YOUR GOAL » Print exactly the lines below between the line holding "Velvet/ Leather upper." and the line holding "Las transferimos a", inclusive, and nothing more.

START SOURCE MATERIAL

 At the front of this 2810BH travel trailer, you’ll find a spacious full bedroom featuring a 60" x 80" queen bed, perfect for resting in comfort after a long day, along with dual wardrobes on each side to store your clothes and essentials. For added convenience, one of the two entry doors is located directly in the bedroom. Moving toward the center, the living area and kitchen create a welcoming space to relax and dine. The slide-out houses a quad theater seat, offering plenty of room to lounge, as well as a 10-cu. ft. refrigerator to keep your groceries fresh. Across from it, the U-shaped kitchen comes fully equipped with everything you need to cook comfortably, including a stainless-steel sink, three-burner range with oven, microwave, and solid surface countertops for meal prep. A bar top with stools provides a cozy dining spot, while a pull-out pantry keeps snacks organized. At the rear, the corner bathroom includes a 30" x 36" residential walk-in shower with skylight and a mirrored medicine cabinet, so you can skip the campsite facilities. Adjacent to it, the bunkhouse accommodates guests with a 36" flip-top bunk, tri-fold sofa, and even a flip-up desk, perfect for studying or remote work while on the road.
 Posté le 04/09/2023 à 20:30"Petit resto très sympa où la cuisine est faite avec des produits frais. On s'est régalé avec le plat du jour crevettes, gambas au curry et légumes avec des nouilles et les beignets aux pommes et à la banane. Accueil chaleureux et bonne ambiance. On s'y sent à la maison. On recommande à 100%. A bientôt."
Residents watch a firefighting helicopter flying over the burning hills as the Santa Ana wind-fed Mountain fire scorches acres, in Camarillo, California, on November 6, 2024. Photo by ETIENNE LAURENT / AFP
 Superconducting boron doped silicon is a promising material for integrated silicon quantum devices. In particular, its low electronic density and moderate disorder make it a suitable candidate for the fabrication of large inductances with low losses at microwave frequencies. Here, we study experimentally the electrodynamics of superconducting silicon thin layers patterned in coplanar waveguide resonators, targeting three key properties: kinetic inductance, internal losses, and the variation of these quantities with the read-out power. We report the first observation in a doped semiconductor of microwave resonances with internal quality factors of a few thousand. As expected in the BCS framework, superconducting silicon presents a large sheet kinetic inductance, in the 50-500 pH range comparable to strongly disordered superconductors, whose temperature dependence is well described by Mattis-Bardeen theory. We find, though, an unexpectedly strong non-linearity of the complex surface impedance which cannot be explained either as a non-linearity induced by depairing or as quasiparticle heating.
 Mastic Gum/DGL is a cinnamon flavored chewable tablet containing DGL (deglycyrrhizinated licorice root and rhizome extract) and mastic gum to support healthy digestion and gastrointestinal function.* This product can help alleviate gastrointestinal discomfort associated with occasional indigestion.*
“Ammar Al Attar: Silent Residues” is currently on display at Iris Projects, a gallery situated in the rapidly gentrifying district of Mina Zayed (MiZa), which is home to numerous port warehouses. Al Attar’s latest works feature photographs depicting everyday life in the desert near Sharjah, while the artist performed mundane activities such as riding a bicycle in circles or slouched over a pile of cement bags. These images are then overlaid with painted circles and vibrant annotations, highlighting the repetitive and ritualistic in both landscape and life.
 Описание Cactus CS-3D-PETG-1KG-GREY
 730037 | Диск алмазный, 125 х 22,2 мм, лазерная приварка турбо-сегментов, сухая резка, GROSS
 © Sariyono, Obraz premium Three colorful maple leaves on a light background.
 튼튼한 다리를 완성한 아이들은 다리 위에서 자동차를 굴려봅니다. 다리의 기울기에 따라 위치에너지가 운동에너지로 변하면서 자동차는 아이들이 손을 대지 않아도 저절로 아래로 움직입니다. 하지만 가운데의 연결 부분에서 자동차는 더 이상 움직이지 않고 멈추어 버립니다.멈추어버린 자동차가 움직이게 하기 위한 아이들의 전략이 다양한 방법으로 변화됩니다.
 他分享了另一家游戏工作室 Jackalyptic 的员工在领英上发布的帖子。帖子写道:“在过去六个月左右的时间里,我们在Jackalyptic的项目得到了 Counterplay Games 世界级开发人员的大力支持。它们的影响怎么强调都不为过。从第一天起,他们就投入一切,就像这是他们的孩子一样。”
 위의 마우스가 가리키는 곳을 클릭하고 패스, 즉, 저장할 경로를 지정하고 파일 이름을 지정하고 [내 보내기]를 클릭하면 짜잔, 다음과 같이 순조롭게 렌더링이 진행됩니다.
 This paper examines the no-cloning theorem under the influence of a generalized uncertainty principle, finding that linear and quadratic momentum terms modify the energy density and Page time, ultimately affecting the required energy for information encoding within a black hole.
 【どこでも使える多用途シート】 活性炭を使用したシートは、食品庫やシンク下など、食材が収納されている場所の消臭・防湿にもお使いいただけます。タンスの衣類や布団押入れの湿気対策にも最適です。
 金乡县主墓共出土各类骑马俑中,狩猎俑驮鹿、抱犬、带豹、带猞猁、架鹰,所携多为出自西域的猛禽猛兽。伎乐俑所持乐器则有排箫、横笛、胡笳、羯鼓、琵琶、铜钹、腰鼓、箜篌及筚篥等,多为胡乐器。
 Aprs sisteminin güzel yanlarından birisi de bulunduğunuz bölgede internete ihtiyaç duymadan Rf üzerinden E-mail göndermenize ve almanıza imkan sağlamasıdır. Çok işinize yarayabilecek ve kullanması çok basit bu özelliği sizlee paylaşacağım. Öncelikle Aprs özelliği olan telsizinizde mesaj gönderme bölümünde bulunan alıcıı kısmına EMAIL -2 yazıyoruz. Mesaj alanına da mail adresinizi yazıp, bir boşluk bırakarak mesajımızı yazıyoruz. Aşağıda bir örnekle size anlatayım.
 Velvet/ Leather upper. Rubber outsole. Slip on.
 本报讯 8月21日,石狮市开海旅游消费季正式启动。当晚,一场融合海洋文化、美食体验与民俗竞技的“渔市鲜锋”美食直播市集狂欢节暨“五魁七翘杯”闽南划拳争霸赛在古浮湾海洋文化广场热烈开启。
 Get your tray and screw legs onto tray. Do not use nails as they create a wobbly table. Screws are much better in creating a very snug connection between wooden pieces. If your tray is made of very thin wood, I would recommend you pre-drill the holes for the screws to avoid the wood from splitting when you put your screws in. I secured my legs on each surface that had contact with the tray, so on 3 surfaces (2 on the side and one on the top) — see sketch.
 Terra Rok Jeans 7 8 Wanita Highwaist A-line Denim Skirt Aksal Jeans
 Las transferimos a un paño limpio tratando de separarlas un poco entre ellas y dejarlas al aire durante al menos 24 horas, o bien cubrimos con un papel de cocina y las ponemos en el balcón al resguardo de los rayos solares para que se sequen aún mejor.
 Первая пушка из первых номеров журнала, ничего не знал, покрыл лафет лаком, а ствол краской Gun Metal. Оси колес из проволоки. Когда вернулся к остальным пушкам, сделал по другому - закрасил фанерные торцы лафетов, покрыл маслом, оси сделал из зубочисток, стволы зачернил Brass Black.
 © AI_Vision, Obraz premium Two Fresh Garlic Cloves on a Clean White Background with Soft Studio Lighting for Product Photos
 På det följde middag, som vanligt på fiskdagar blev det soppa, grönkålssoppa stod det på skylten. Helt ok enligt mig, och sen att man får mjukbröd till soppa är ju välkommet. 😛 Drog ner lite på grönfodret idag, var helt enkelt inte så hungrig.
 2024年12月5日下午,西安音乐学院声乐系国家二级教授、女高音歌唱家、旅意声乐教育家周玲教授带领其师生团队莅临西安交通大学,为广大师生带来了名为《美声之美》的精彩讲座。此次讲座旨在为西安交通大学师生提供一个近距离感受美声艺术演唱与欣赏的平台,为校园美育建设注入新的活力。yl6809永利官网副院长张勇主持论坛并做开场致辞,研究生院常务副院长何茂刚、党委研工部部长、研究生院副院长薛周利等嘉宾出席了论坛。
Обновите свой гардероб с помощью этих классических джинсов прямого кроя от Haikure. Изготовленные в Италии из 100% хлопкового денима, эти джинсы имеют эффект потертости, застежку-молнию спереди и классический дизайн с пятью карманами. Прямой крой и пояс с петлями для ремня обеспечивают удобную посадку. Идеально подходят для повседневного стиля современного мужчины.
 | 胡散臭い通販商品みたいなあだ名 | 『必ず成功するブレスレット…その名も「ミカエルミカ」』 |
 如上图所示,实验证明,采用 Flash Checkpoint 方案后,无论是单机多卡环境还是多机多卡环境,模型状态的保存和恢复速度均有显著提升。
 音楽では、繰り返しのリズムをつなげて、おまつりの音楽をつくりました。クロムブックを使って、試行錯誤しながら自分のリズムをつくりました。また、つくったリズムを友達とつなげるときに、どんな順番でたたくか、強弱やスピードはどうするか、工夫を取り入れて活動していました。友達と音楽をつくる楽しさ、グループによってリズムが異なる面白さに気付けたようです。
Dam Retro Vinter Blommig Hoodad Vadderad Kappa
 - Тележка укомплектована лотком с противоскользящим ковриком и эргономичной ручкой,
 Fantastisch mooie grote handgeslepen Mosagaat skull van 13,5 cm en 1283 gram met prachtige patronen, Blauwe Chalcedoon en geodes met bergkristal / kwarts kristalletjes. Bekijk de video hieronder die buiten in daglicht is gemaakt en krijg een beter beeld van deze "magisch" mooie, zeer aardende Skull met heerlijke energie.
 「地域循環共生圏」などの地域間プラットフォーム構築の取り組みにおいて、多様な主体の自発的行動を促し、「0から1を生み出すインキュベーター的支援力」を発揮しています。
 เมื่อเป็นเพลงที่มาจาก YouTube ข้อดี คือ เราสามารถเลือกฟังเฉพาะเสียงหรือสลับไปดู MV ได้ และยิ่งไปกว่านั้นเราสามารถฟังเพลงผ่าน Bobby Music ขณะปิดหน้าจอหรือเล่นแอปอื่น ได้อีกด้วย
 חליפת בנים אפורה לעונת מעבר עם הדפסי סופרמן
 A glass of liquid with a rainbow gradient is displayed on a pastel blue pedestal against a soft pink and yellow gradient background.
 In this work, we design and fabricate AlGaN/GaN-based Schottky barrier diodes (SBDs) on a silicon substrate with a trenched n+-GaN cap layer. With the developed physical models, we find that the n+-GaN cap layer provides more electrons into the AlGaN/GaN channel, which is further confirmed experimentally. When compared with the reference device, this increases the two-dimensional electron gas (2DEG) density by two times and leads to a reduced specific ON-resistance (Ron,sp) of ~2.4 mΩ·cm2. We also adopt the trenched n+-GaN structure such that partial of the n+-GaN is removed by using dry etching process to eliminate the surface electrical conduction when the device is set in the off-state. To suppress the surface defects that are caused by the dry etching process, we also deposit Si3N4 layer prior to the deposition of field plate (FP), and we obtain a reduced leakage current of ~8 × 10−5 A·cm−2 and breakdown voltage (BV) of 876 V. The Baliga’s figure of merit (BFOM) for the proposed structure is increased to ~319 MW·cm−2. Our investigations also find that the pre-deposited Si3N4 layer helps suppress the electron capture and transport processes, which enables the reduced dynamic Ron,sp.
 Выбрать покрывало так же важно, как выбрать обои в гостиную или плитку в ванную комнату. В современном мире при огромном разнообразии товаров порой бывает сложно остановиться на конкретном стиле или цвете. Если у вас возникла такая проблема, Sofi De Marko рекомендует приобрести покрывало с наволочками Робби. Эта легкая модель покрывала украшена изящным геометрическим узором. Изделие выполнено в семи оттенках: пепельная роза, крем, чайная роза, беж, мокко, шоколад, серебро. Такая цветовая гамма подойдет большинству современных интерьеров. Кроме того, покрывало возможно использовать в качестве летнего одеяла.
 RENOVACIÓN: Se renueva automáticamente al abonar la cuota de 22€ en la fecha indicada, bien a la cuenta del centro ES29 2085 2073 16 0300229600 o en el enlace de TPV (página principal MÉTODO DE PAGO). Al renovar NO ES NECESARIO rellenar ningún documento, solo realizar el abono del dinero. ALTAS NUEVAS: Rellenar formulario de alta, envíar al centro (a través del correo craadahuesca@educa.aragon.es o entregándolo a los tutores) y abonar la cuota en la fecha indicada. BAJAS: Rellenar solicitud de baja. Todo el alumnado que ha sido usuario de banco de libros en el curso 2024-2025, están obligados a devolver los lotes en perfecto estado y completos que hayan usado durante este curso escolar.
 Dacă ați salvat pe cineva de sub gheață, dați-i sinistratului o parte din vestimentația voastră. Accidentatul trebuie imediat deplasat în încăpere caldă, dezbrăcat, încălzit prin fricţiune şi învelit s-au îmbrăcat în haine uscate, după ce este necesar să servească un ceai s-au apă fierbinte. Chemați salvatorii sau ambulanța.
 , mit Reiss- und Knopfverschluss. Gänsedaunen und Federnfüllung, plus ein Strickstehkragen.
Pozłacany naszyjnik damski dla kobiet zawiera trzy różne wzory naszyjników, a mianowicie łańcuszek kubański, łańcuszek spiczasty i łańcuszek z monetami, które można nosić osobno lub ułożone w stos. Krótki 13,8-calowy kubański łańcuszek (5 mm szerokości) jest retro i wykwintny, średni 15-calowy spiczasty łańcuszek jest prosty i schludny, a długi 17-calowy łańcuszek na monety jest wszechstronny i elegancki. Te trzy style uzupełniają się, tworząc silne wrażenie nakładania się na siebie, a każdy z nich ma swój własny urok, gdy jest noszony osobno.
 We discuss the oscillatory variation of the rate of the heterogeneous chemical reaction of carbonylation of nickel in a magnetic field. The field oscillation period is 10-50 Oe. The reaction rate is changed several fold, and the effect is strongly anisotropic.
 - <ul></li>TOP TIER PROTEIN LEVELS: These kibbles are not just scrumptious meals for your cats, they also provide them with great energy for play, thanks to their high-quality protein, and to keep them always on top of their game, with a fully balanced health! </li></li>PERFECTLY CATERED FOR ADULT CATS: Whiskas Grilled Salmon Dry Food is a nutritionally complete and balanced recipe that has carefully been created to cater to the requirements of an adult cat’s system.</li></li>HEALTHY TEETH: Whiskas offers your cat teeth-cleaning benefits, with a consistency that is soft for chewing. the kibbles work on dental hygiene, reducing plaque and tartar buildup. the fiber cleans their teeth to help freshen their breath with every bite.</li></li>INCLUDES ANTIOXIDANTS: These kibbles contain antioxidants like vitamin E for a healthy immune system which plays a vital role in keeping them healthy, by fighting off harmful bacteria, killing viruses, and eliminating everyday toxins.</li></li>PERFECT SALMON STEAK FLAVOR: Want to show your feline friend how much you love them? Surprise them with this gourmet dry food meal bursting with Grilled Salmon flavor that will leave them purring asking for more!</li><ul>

END SOURCE MATERIAL

OUTPUT »
 Velvet/ Leather upper. Rubber outsole. Slip on.
 本报讯 8月21日,石狮市开海旅游消费季正式启动。当晚,一场融合海洋文化、美食体验与民俗竞技的“渔市鲜锋”美食直播市集狂欢节暨“五魁七翘杯”闽南划拳争霸赛在古浮湾海洋文化广场热烈开启。
 Get your tray and screw legs onto tray. Do not use nails as they create a wobbly table. Screws are much better in creating a very snug connection between wooden pieces. If your tray is made of very thin wood, I would recommend you pre-drill the holes for the screws to avoid the wood from splitting when you put your screws in. I secured my legs on each surface that had contact with the tray, so on 3 surfaces (2 on the side and one on the top) — see sketch.
 Terra Rok Jeans 7 8 Wanita Highwaist A-line Denim Skirt Aksal Jeans
 Las transferimos a un paño limpio tratando de separarlas un poco entre ellas y dejarlas al aire durante al menos 24 horas, o bien cubrimos con un papel de cocina y las ponemos en el balcón al resguardo de los rayos solares para que se sequen aún mejor.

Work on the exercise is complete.